Your task: The reply should be the records repeated exactly, without any images.

+++ Given records

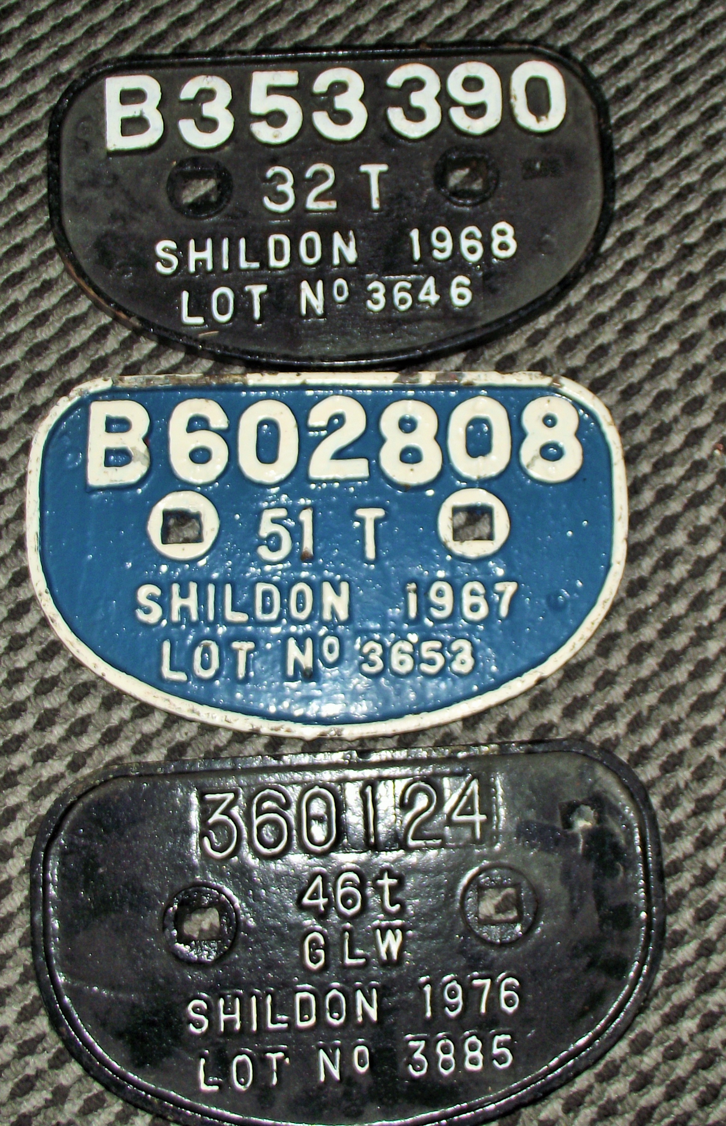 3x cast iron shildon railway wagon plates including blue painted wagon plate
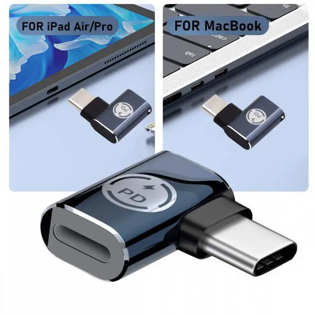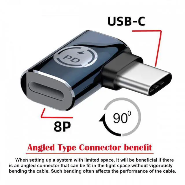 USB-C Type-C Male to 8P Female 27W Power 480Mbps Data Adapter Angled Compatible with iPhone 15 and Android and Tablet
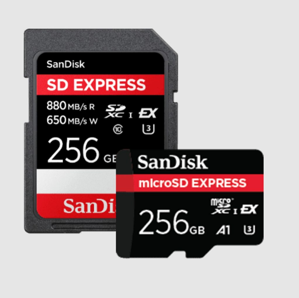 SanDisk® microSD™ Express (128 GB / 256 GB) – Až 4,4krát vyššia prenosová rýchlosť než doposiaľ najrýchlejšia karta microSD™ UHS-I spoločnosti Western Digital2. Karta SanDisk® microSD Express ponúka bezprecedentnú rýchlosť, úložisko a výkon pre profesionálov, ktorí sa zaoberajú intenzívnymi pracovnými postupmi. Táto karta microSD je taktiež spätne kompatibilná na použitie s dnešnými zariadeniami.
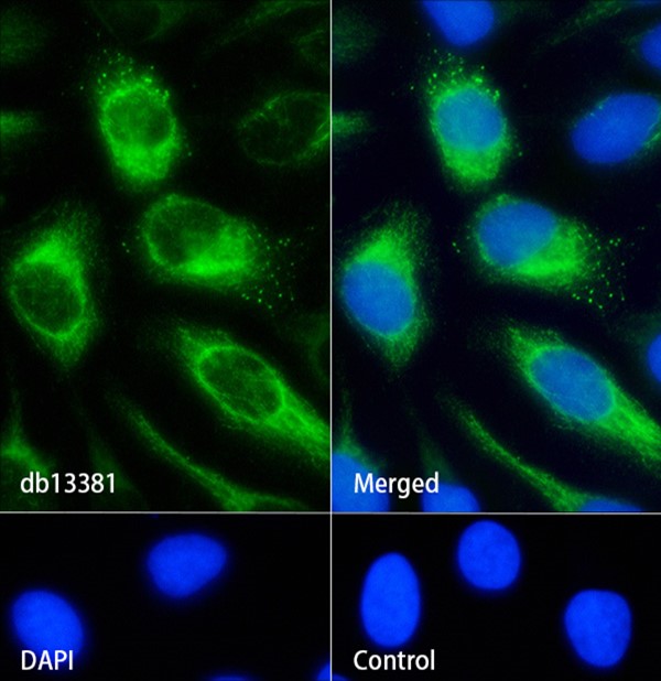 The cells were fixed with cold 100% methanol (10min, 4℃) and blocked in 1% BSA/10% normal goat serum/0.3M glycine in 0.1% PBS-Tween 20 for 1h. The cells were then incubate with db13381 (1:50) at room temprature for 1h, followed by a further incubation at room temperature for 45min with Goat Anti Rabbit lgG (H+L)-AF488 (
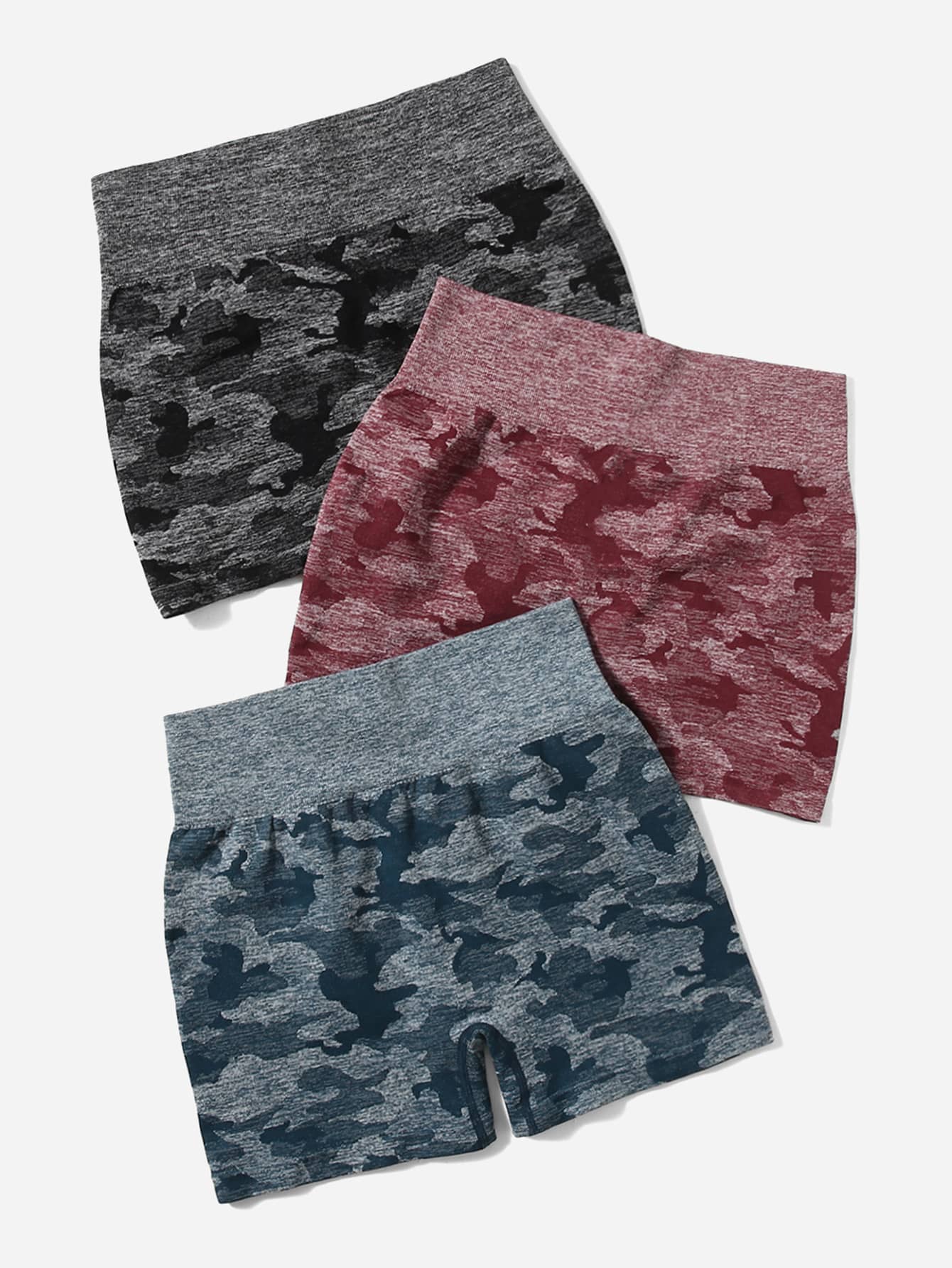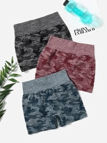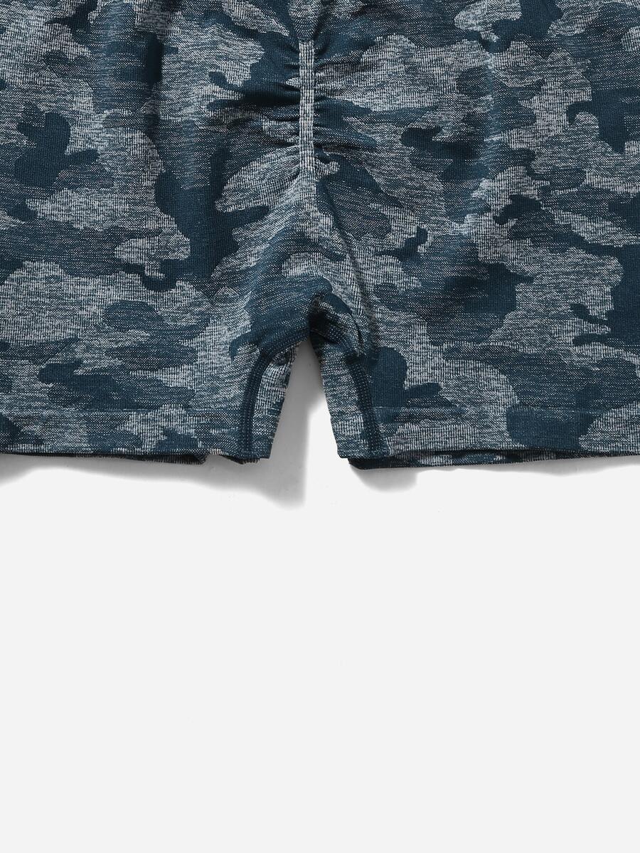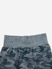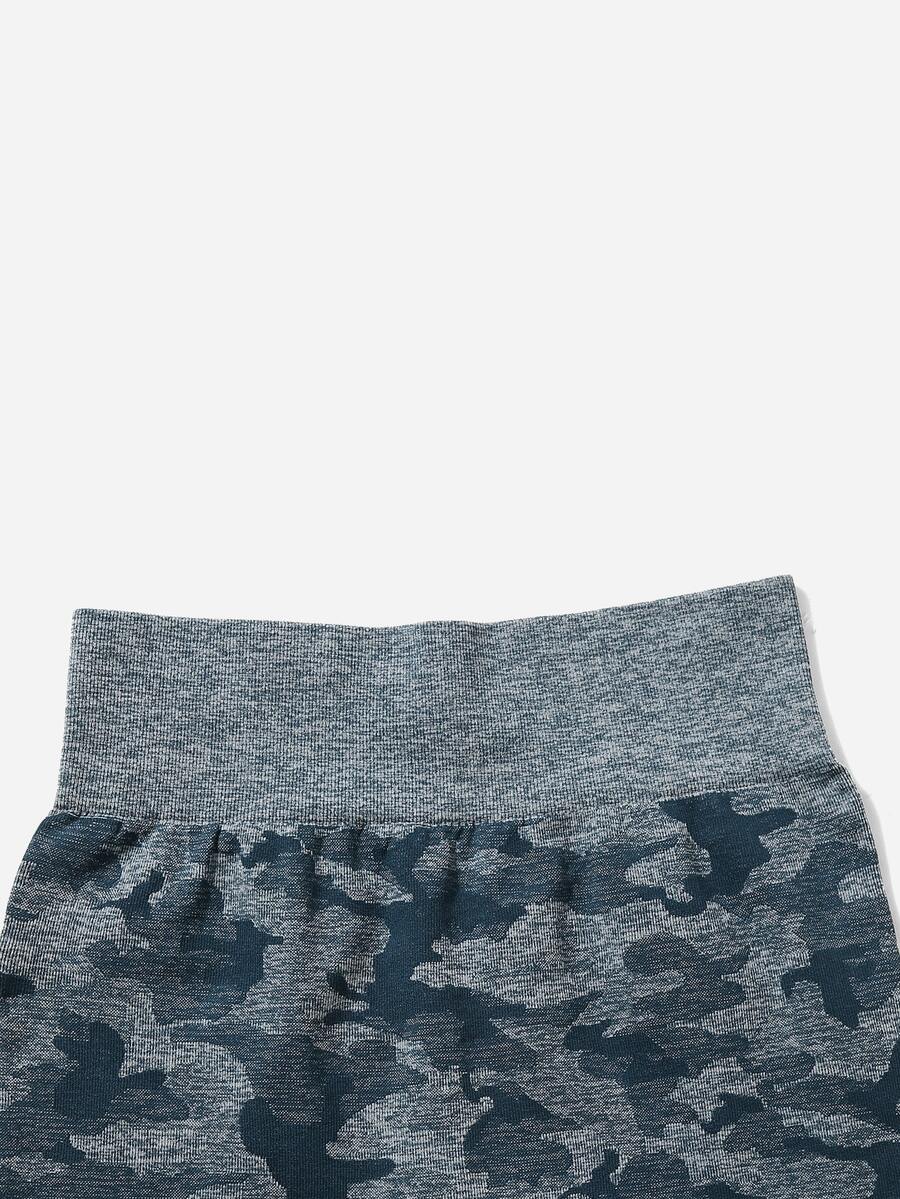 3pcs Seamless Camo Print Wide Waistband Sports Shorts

++++++

Response to the exercise:
 3x cast iron shildon railway wagon plates including blue painted wagon plate
 USB-C Type-C Male to 8P Female 27W Power 480Mbps Data Adapter Angled Compatible with iPhone 15 and Android and Tablet
 SanDisk® microSD™ Express (128 GB / 256 GB) – Až 4,4krát vyššia prenosová rýchlosť než doposiaľ najrýchlejšia karta microSD™ UHS-I spoločnosti Western Digital2. Karta SanDisk® microSD Express ponúka bezprecedentnú rýchlosť, úložisko a výkon pre profesionálov, ktorí sa zaoberajú intenzívnymi pracovnými postupmi. Táto karta microSD je taktiež spätne kompatibilná na použitie s dnešnými zariadeniami.
 The cells were fixed with cold 100% methanol (10min, 4℃) and blocked in 1% BSA/10% normal goat serum/0.3M glycine in 0.1% PBS-Tween 20 for 1h. The cells were then incubate with db13381 (1:50) at room temprature for 1h, followed by a further incubation at room temperature for 45min with Goat Anti Rabbit lgG (H+L)-AF488 (
 3pcs Seamless Camo Print Wide Waistband Sports Shorts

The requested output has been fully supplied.